VANCOUVER -- Warning sirens are being installed along the Capilano River, six months after an accident at the river’s Cleveland Dam took the lives of a father and son.

The pair had been fishing on the banks of the river, when a human error caused the dam gates to open without warning on Oct. 1, 2020. The river’s water level surged, and at least five people along the river banks were swept away.

Three of the people survived, but the father and son didn’t make it. Sixty-one-year-old Ryan Nickerson’s body was recovered within hours, but his son’s body, that of 27-year-old Hugh, was never found. Since then, friends and family members have been advocating for changes.

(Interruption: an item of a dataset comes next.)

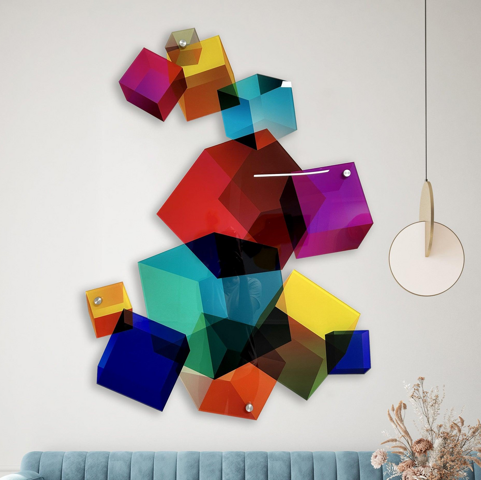 Wall Sculptures: Our Wall Sculpture collection features printed, vibrant pieces of art on thick, high-quality acrylic. The glossy finish adds depth and dimension to these abstract wall art pieces, transforming any background into a visual masterpiece.

Metro Vancouver, the regional authority that operates the dam, now plans to install several warning sirens, with installation starting in April and lasting through May.

“We will install an interim public warning system that includes audible and visible alarms and additional public warning signage,” reads a statement from Metro Vancouver.

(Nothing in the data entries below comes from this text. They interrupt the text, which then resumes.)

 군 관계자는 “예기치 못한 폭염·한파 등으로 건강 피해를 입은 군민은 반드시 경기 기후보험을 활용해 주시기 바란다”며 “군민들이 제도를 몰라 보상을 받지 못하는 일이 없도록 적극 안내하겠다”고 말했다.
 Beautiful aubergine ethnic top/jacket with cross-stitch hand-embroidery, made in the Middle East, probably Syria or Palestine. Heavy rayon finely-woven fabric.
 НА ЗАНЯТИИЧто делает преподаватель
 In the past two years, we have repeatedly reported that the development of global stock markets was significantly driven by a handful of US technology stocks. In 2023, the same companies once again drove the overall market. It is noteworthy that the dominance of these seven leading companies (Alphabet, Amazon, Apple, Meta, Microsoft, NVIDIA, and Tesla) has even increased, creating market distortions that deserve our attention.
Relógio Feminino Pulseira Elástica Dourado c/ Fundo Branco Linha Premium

The interim system will include “public-facing alarms and sirens on wooden poles at six locations along the Capilano River.” Testing will happen during the daytime, over a two week period.

The warning sirens will be installed at the following locations:

  • Cleveland Dam Screen Room
  • Capilano River Hatchery
  • Trans-Canada Highway Bridge
  • Fullerton Bridge
  • Marine Drive Bridge
  • Taylor Way Bridge

The authority also says it is embarking on a public engagement project to get feedback and ideas for a permanent and long-term warning system. The final system will be designed in consultation with outside engineers.

Safety reports on the Cleveland Dam, previously obtained by CTV News Vancouver, showed that there had been several safety recommendations made before the accident that hadn’t been implemented.

Three Metro Vancouver employees were fired following the fatal incident.